Distributed Cooperative Energy Management in Smart Microgrids with Solar Energy Prediction

Abstract

Smart Microgrid (SMG), integrated with renewable energy, energy storage system and advanced bidirectional communication network, has been envisioned to improve efficiency and reliability of power delivery. However, the stochastic nature of renewable energy and privacy concerns due to intensive bidirectional data exchange make the traditional energy management system (EMS) perform poorly. In order to improve operational efficiency and customers’ satisfaction, we propose a distributed cooperative energy management system (DCEMS). We adopt recurrent neural network with long short-term memory to predict the solar energy generation with high accuracy.
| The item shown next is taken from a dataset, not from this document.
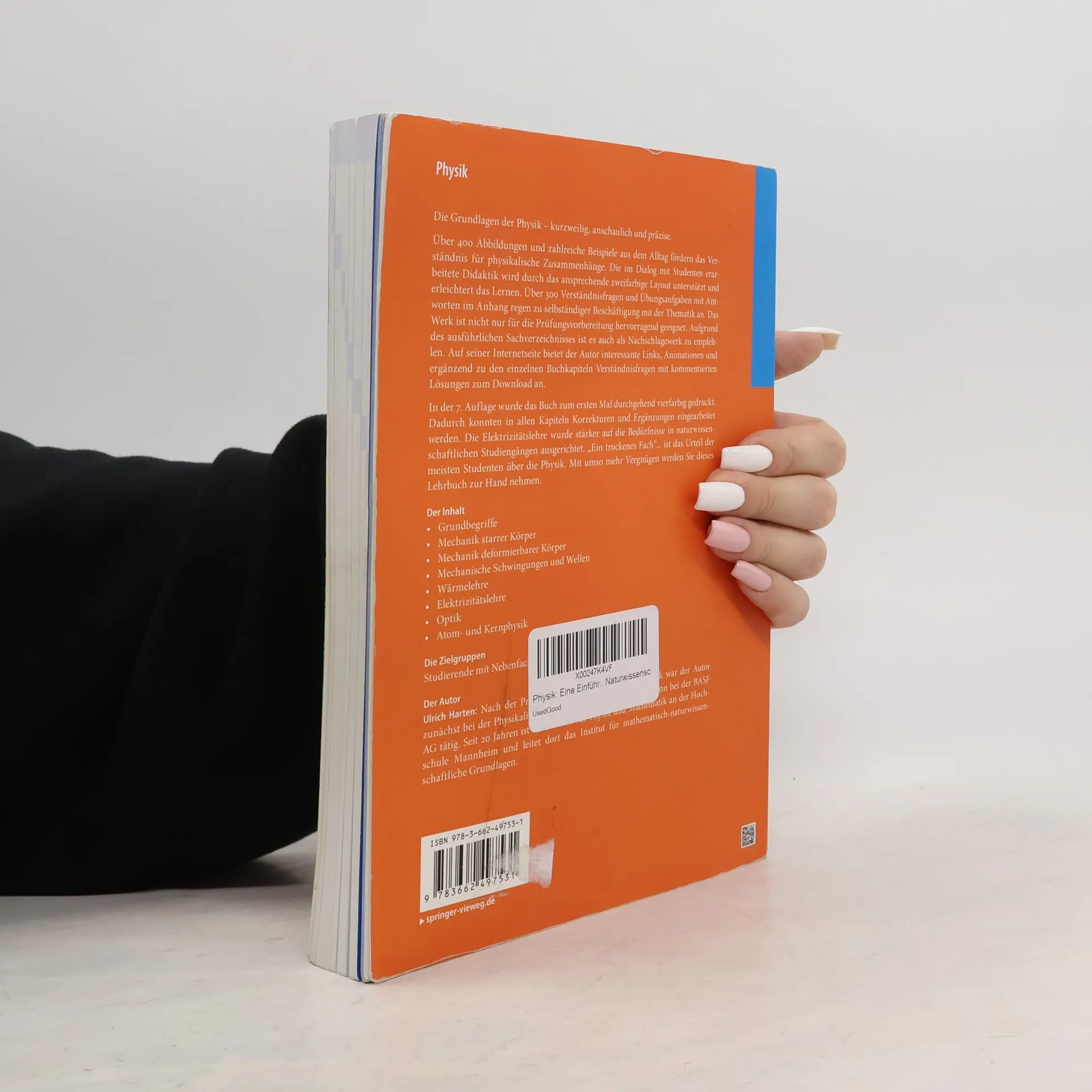 Die Grundlagen der Physik - kurzweilig, anschaulich und präzise. Über 400 Abbildungen und zahlreiche Beispiele aus dem Alltag fördern das Verständnis für physikalische Zusammenhänge. Die im Dialog mit Studenten erarbeitete Didaktik wird durch das ansprechende zweifarbige Layout unterstützt und erleichtert das Lernen. Über 300 Verständnisfragen und Übungsaufgaben mit Antworten im Anhang regen zu selbständiger Beschäftigung mit der Thematik an. Das Werk ist nicht nur für die Prüfungsvorbereitung hervorragend geeignet. Aufgrund des ausführlichen Sachverzeichnisses ist es auch als Nachschlagewerk zu empfehlen. Auf seiner Internetseite bietet der Autor interessante Links, Animationen und ergänzend zu den einzelnen Buchkapiteln Verständnisfragen mit kommentierten Lösungen zum Download an. In der 7. Auflage wurde das Buch zum ersten Mal durchgehend vierfarbig gedruckt. Dadurch konnten in allen Kapiteln Korrekturen und Ergänzungen eingearbeitet werden. Die Elek trizitätslehre wurde stärker auf die Bedürfnisse in naturwissenschaftlichen Studiengängen ausgerichtet. „Ein trockenes Fach"... ist das Urteil der meisten Studenten über die Physik. Mit umso mehr Vergnügen werden Sie dieses Lehrbuch zur Hand nehmen.

We then solve the underlying economic dispatch problem with distributed scalable Alternating Direction Method of Multipliers (ADMM) algorithm to avoid single point of failure problem and preserve customers’ privacy. In the first stage, each SMG optimizes its operation decision vector in a centralized manner based on one-day ahead solar energy generation prediction. In the second stage, all SMGs share their energy exchange information with directly connected neighboring SMGs to cooperatively optimize the global operation cost. The proposed DCEMS is deployed in our distributed SMGs emulation platform and its performance is compared with other approaches. The results show that the proposed DCEMS outperforms heuristic rule-based EMS by more than 30%. It can also protect customers’ privacy and avoid single point of failure without degrading performance too much compared to centralized EMS.